Items from a data source
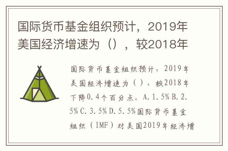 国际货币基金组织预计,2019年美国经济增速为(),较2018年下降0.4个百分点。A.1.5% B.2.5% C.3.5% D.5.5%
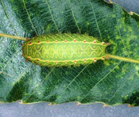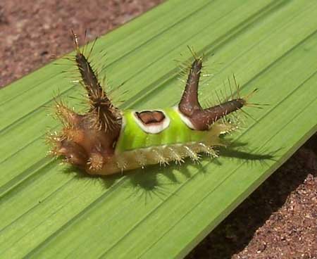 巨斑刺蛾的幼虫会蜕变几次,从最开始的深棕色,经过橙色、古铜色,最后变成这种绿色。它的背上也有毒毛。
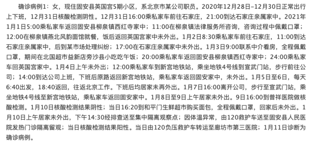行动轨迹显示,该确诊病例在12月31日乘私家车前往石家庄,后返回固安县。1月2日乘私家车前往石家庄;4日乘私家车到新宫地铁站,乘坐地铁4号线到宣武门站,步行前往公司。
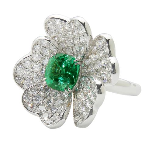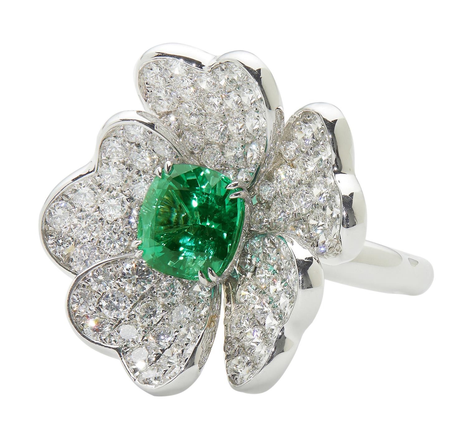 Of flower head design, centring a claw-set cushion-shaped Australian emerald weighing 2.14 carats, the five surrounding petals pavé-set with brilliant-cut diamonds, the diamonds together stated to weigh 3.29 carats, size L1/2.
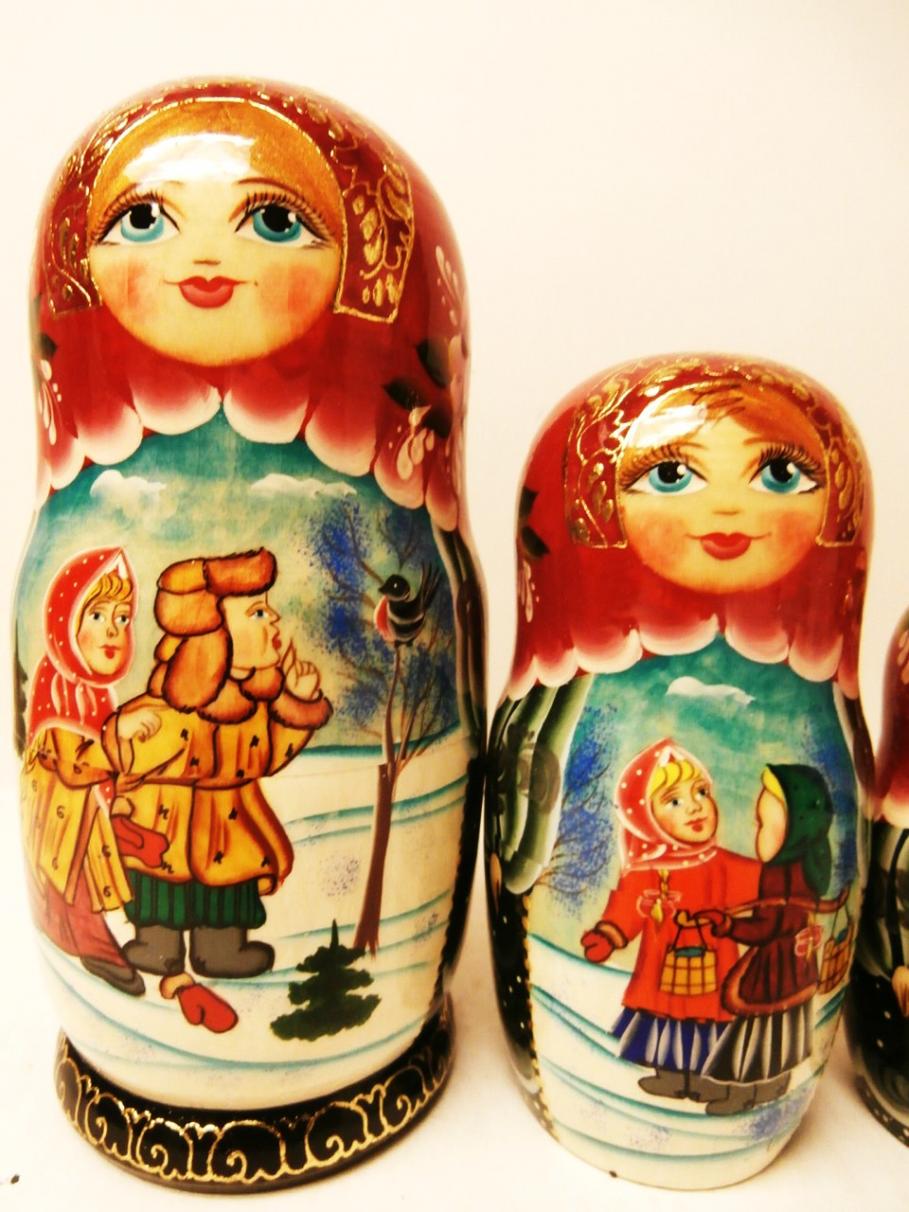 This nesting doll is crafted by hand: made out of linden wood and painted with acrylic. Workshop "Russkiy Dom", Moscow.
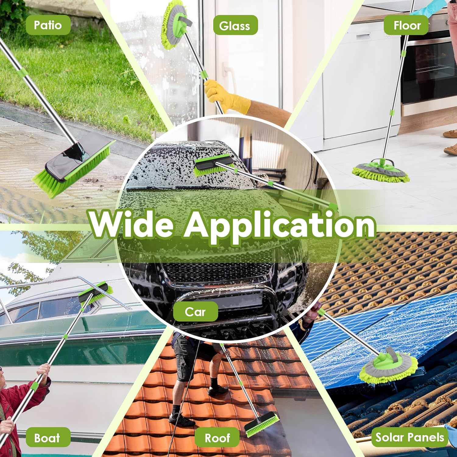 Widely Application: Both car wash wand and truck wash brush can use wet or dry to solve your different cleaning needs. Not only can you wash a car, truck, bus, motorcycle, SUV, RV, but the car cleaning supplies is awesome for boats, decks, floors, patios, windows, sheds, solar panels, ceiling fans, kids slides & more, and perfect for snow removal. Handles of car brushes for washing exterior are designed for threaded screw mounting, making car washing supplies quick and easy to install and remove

• Problem to work on
Extract exactly the lines from the one containing "行动轨迹显示,该确诊病例在1" through the last line of the records above, both included, and leave out the pictures.

• Response to this exercise
行动轨迹显示,该确诊病例在12月31日乘私家车前往石家庄,后返回固安县。1月2日乘私家车前往石家庄;4日乘私家车到新宫地铁站,乘坐地铁4号线到宣武门站,步行前往公司。
 Of flower head design, centring a claw-set cushion-shaped Australian emerald weighing 2.14 carats, the five surrounding petals pavé-set with brilliant-cut diamonds, the diamonds together stated to weigh 3.29 carats, size L1/2.
 This nesting doll is crafted by hand: made out of linden wood and painted with acrylic. Workshop "Russkiy Dom", Moscow.
 Widely Application: Both car wash wand and truck wash brush can use wet or dry to solve your different cleaning needs. Not only can you wash a car, truck, bus, motorcycle, SUV, RV, but the car cleaning supplies is awesome for boats, decks, floors, patios, windows, sheds, solar panels, ceiling fans, kids slides & more, and perfect for snow removal. Handles of car brushes for washing exterior are designed for threaded screw mounting, making car washing supplies quick and easy to install and remove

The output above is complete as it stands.